__What you have to do__
All the lines below need to be output exactly, apart from any images.

__Collected material__
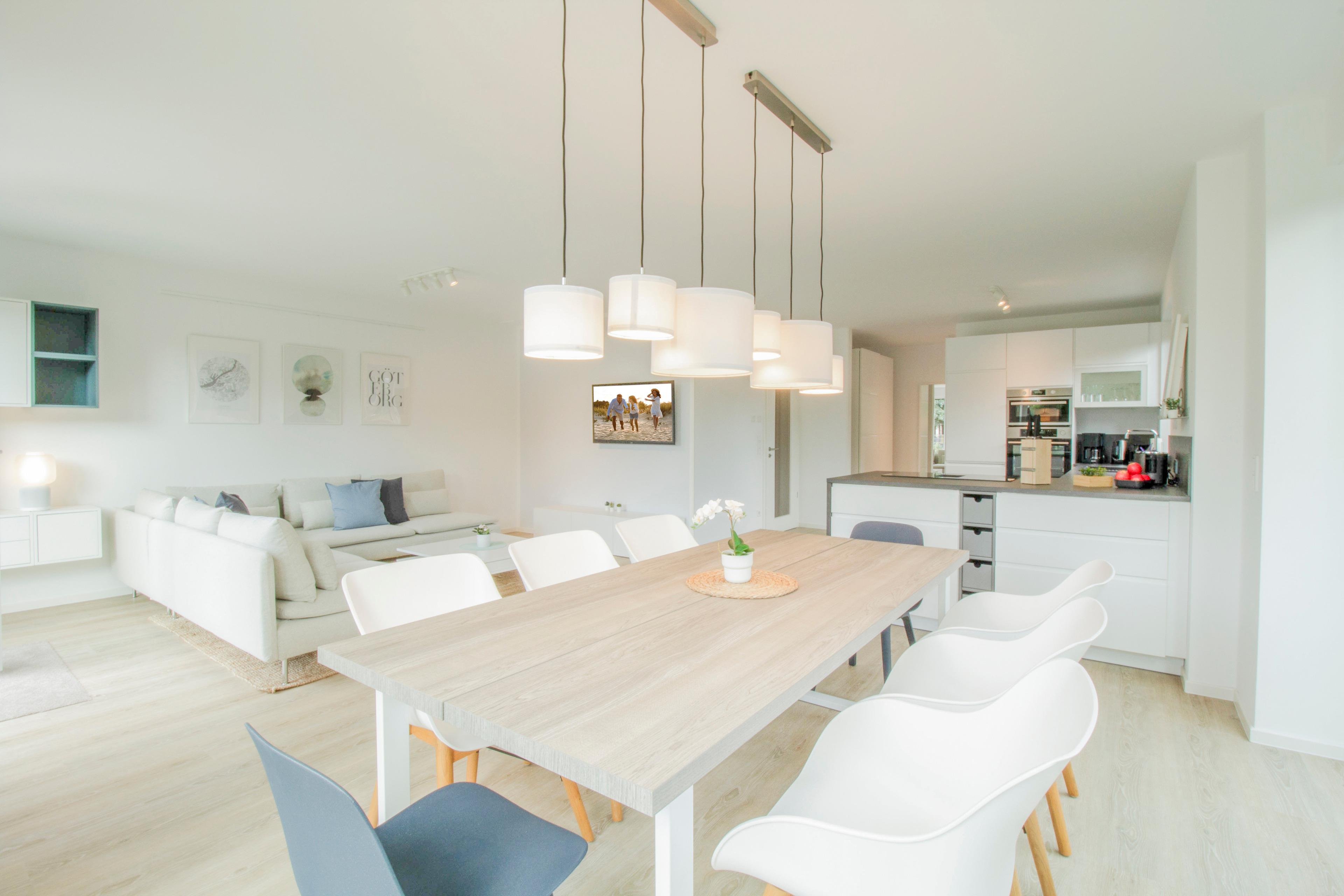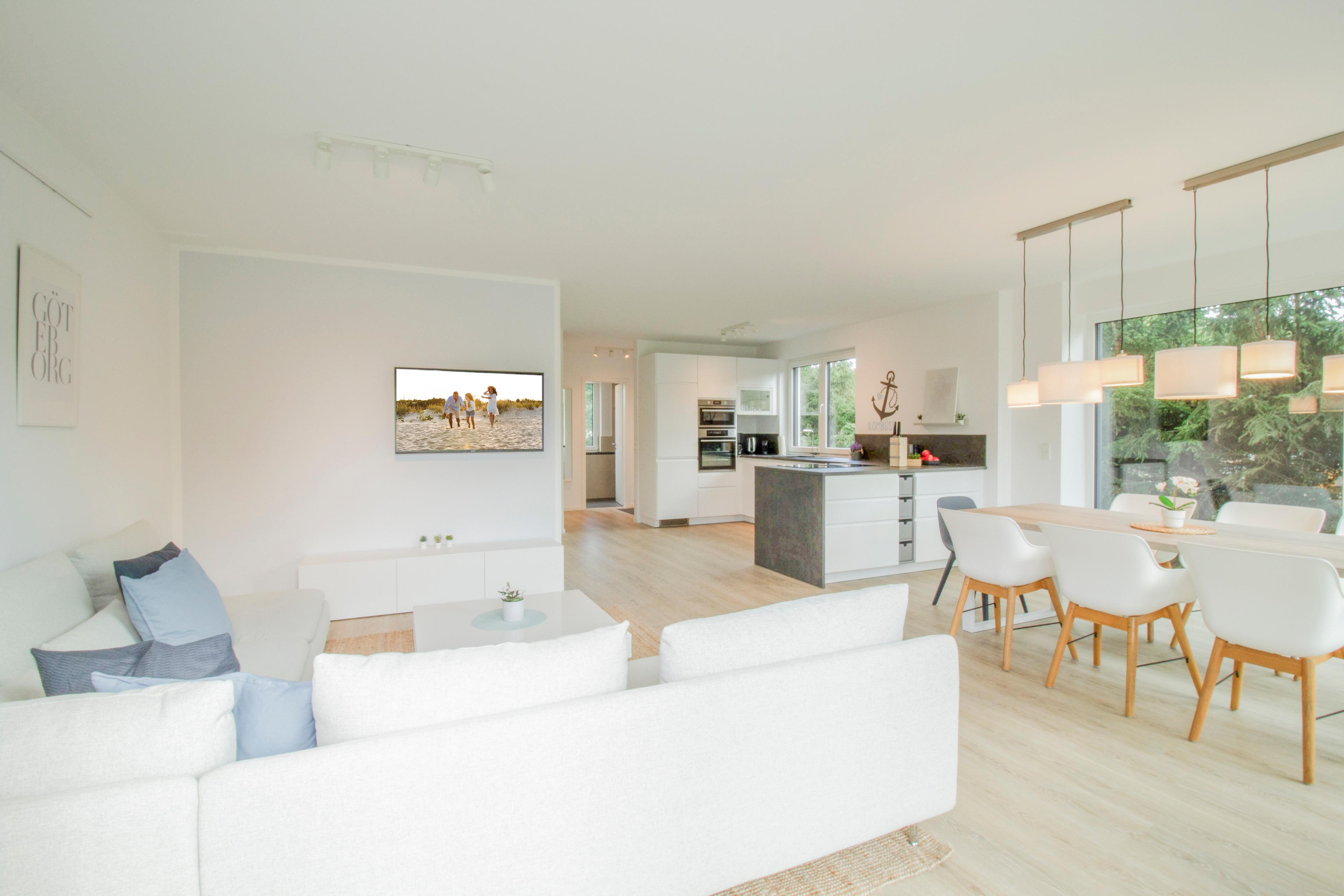 Herzlich willkommen in unserem exquisiten Ferienhaus "Up de Insel", einem wahrhaft modernen Rückzugsort für Ihre kommende Auszeit! Mit großzügigen 140 m2 Wohnfläche auf einem weitläufigen 1000 m2 Grundstück ist dieses neugebaute Domizil der Inbegriff von Luxus, Stil und Komfort. Schon beim Betreten dieser Oase wird Ihnen die hochmoderne, lichtdurchflutete Einrichtung ins Auge fallen, die eine einladende und entspannende Atmosphäre schafft. Die Klimaanlage in allen Räumen sorgt dafür, dass Sie stets eine angenehme Raumtemperatur genießen können, unabhängig von der Witterung. Der weitläufige Wohn- und Essbereich ist das Herzstück der Wohnung. Ein großer Esstisch für bis zu 8 Personen lädt zu gemeinsamen Mahlzeiten und geselligem Beisammensein ein. Ein gemütliches Ecksofa und ein Flachbildfernseher sorgen für unterhaltsame Abende. Die moderne Küche ist komplett ausgestattet und verfügt über einen großzügigen Geschirrspüler, Backofen, Mikrowelle und einem Induktionskochfeld mit integriertem Abzug. Hier können Sie Ihre kulinarischen Fähigkeiten entfalten und sich wie zu Hause fühlen. Vom Wohnbereich gelangen Sie auf die großzügige Terrasse, die von einem liebevoll gepflegten Garten umgeben ist. Hier finden Sie auch einen Elektrogrill, der perfekt für entspannte Grillabende im Freien ist. Die Saunaliebhaber unter Ihnen werden die Fasssauna lieben, die nach einem erlebnisreichen Tag pure Entspannung verspricht. Im Obergeschoss und im Studio unter dem Dach erwarten Sie vier wundervolle Schlafzimmer – drei mit gemütlichen Boxspringbetten (1,60 m x 2 m) und eines mit zwei Einzelbetten (0,90 m x 2 m) – alle liebevoll gestaltet, um Ihnen erholsame Nächte zu bescheren. Für Ihr absolutes Wohlbefinden stehen zwei Badezimmer zur Verfügung. Das großzügige Obergeschoss beherbergt ein luxuriöses Badezimmer mit ebenerdiger Dusche, einer großzügigen Badewanne und einem Doppelwaschtisch. Im Erdgeschoss finden Sie ein weiteres Bad mit Dusche für zusätzlichen Komfort. Für Ihre Fahrzeuge stehen zwei komfortable Parkplätze zur Verfügung. Wenn Sie die Region gerne auf zwei Rädern erkunden, bieten wir Ihnen die Möglichkeit, Ihre Fahrräder und E-Bikes in einem modern gestalteten Container sicher aufzubewahren und aufzuladen.
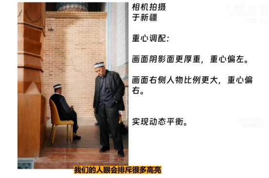 人眼先被亮的部分吸引,但是这张图的很多内容在阴暗面,同上凸显主体,保持画面平衡
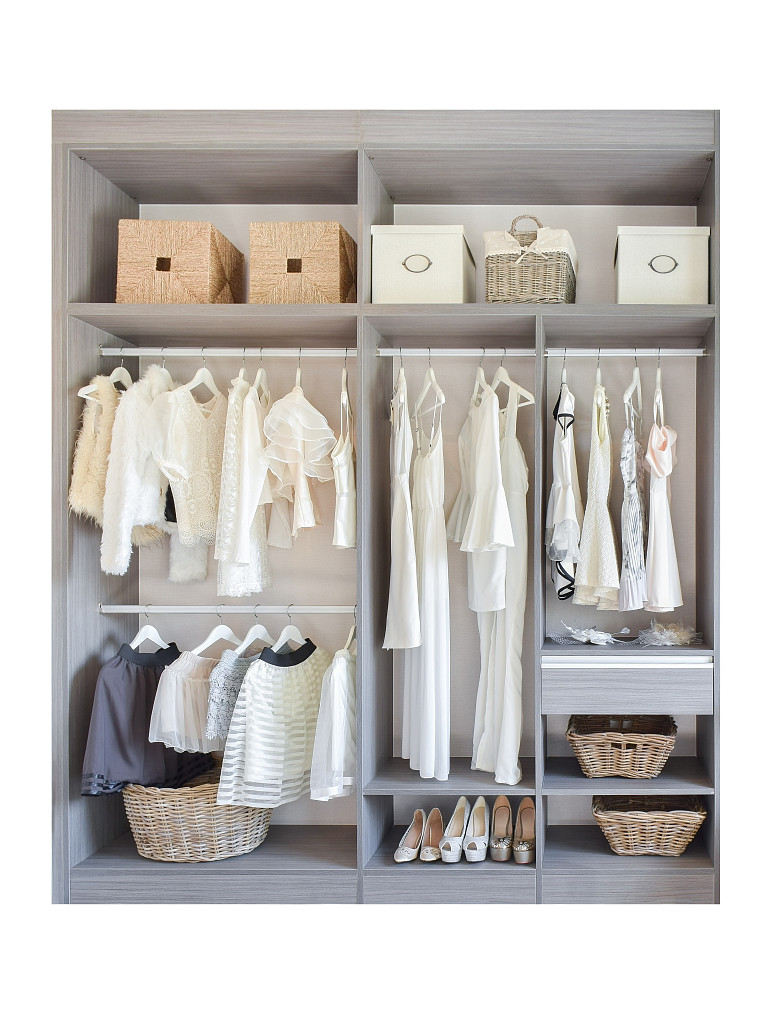 中层:(伸手可及的空间)悬挂为主,放常用的、正在用的、当季的衣服,如连衣裙、西装衬衫、大衣类
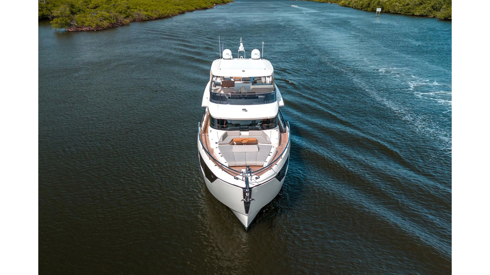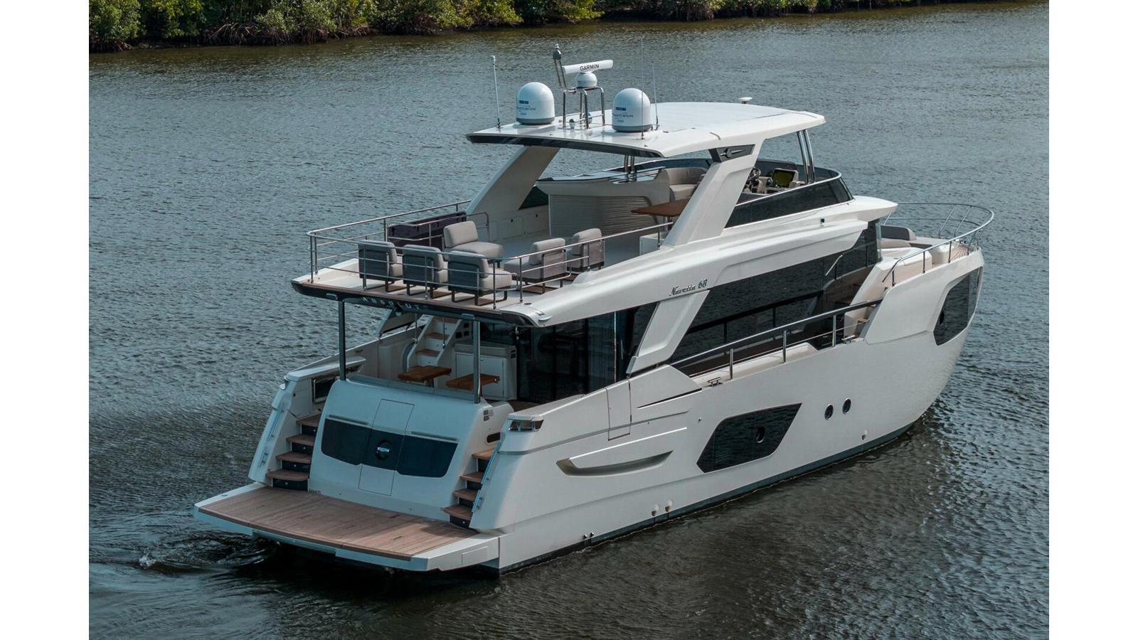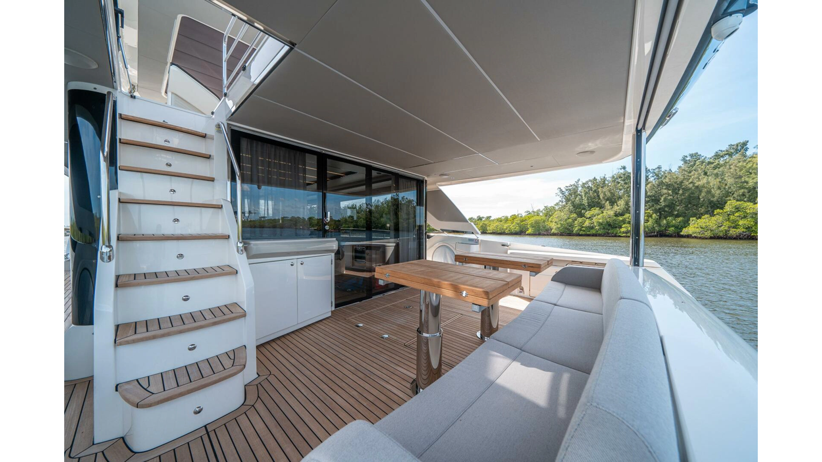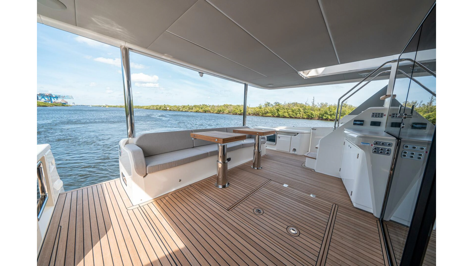 - Retractable electric sunshade on the aft of the flybridge

__Exercise solution__
 Herzlich willkommen in unserem exquisiten Ferienhaus "Up de Insel", einem wahrhaft modernen Rückzugsort für Ihre kommende Auszeit! Mit großzügigen 140 m2 Wohnfläche auf einem weitläufigen 1000 m2 Grundstück ist dieses neugebaute Domizil der Inbegriff von Luxus, Stil und Komfort. Schon beim Betreten dieser Oase wird Ihnen die hochmoderne, lichtdurchflutete Einrichtung ins Auge fallen, die eine einladende und entspannende Atmosphäre schafft. Die Klimaanlage in allen Räumen sorgt dafür, dass Sie stets eine angenehme Raumtemperatur genießen können, unabhängig von der Witterung. Der weitläufige Wohn- und Essbereich ist das Herzstück der Wohnung. Ein großer Esstisch für bis zu 8 Personen lädt zu gemeinsamen Mahlzeiten und geselligem Beisammensein ein. Ein gemütliches Ecksofa und ein Flachbildfernseher sorgen für unterhaltsame Abende. Die moderne Küche ist komplett ausgestattet und verfügt über einen großzügigen Geschirrspüler, Backofen, Mikrowelle und einem Induktionskochfeld mit integriertem Abzug. Hier können Sie Ihre kulinarischen Fähigkeiten entfalten und sich wie zu Hause fühlen. Vom Wohnbereich gelangen Sie auf die großzügige Terrasse, die von einem liebevoll gepflegten Garten umgeben ist. Hier finden Sie auch einen Elektrogrill, der perfekt für entspannte Grillabende im Freien ist. Die Saunaliebhaber unter Ihnen werden die Fasssauna lieben, die nach einem erlebnisreichen Tag pure Entspannung verspricht. Im Obergeschoss und im Studio unter dem Dach erwarten Sie vier wundervolle Schlafzimmer – drei mit gemütlichen Boxspringbetten (1,60 m x 2 m) und eines mit zwei Einzelbetten (0,90 m x 2 m) – alle liebevoll gestaltet, um Ihnen erholsame Nächte zu bescheren. Für Ihr absolutes Wohlbefinden stehen zwei Badezimmer zur Verfügung. Das großzügige Obergeschoss beherbergt ein luxuriöses Badezimmer mit ebenerdiger Dusche, einer großzügigen Badewanne und einem Doppelwaschtisch. Im Erdgeschoss finden Sie ein weiteres Bad mit Dusche für zusätzlichen Komfort. Für Ihre Fahrzeuge stehen zwei komfortable Parkplätze zur Verfügung. Wenn Sie die Region gerne auf zwei Rädern erkunden, bieten wir Ihnen die Möglichkeit, Ihre Fahrräder und E-Bikes in einem modern gestalteten Container sicher aufzubewahren und aufzuladen.
 人眼先被亮的部分吸引,但是这张图的很多内容在阴暗面,同上凸显主体,保持画面平衡
 中层:(伸手可及的空间)悬挂为主,放常用的、正在用的、当季的衣服,如连衣裙、西装衬衫、大衣类
 - Retractable electric sunshade on the aft of the flybridge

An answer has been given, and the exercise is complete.